Mümtaz’er’in süreç bağlamında seçim öngörüsü
SİYASETMümtazer’in çözüm sürecinde hukuka dönülmesi gerektiğini vurgulamasını ve bu konuda gösterdiği hassasiyeti doğru kavramak ve uyarılarını dikkate almak gerek. PKK’nin silah bırakmasının ve kendisini feshetmesinin, Türkiye’yi çok fazla hukuka dönmeye zorlayacak bir gelişme olacağından hiç kuşku yok.
AK Parti, MHP arasında sürece yaklaşımda çeşitli nüans farkları olduğu çok açık. Ama bu en azından şimdilik iki parti arasında önümüzdeki kısa dönemde bir kopuşu getirecek boyuta ulaşmış değildi. AK Parti ve MHP iki konuda büyük ölçüde anlaşmış durumdalar. Terörsüz Türkiye ve Türkler ve Kürtlerden yeni bir ulus devleti /milleti inşa etme. Devlet Bahçeli için bu temel/esas, varoluş stratejisi.
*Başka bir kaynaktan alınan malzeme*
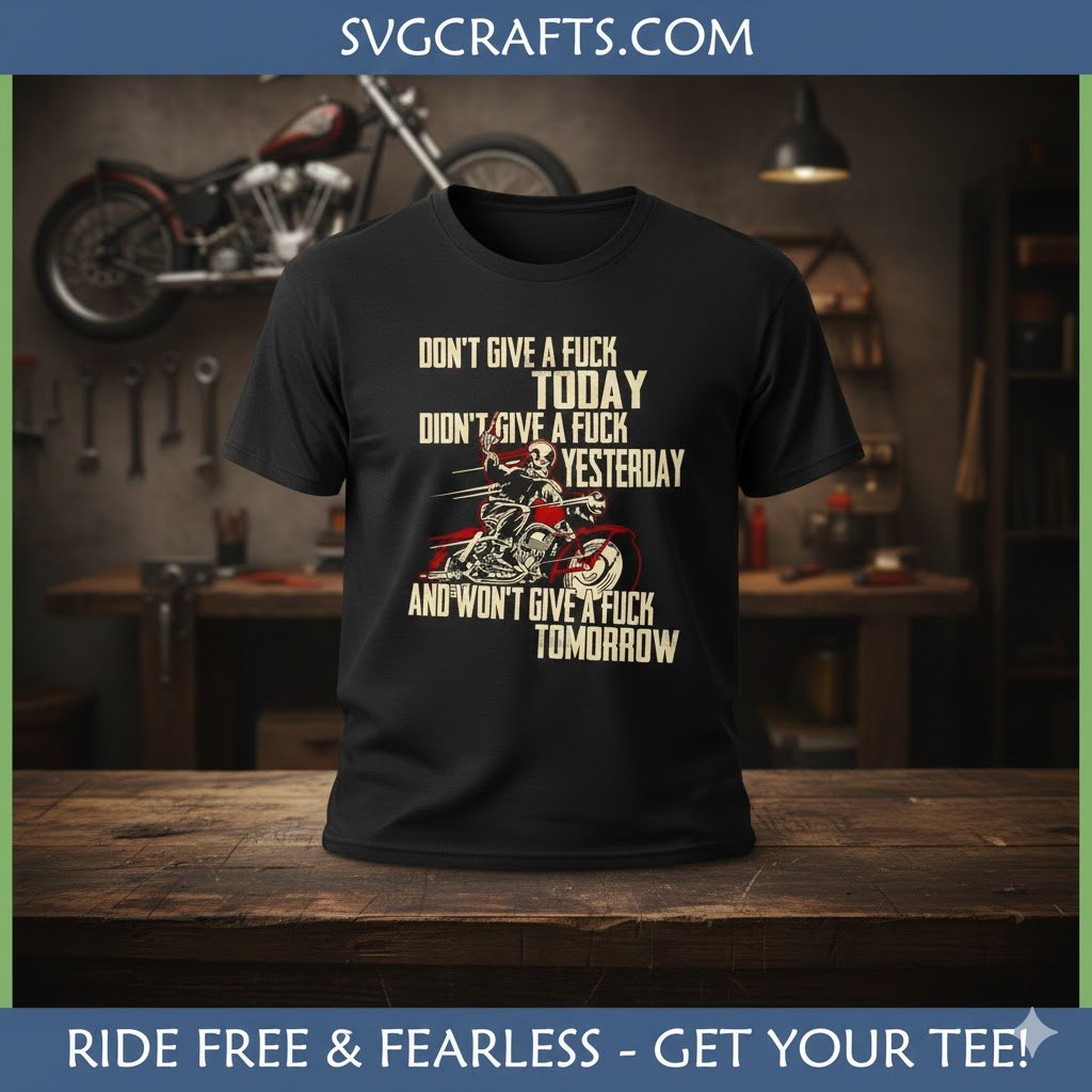 Embrace the ultimate carefree attitude with our exclusive Funny Biker Skeleton SVG design! This striking graphic captures the essence of true independence, featuring a badass skeleton riding a classic chopper, perfectly paired with a hilariously blunt message that resonates with anyone who lives life on their own terms. It’s more than just a design; it’s a statement, a nod to the open road, and a testament to unwavering self-reliance.

Erdoğan oy, seçim ve iktidar hesabını daha fazla yaparak siyaset yapan bir lider, Bahçeli dönüşü olmayan bir yolda, aynı şey Erdoğan için geçerli değil.
Son haftanın seçim tartışması, muhalefetin sonuç alamayacağı bir tartışma zeminine çekilmesi ve enerjisini yanlış kanala akıtan bir tartışma.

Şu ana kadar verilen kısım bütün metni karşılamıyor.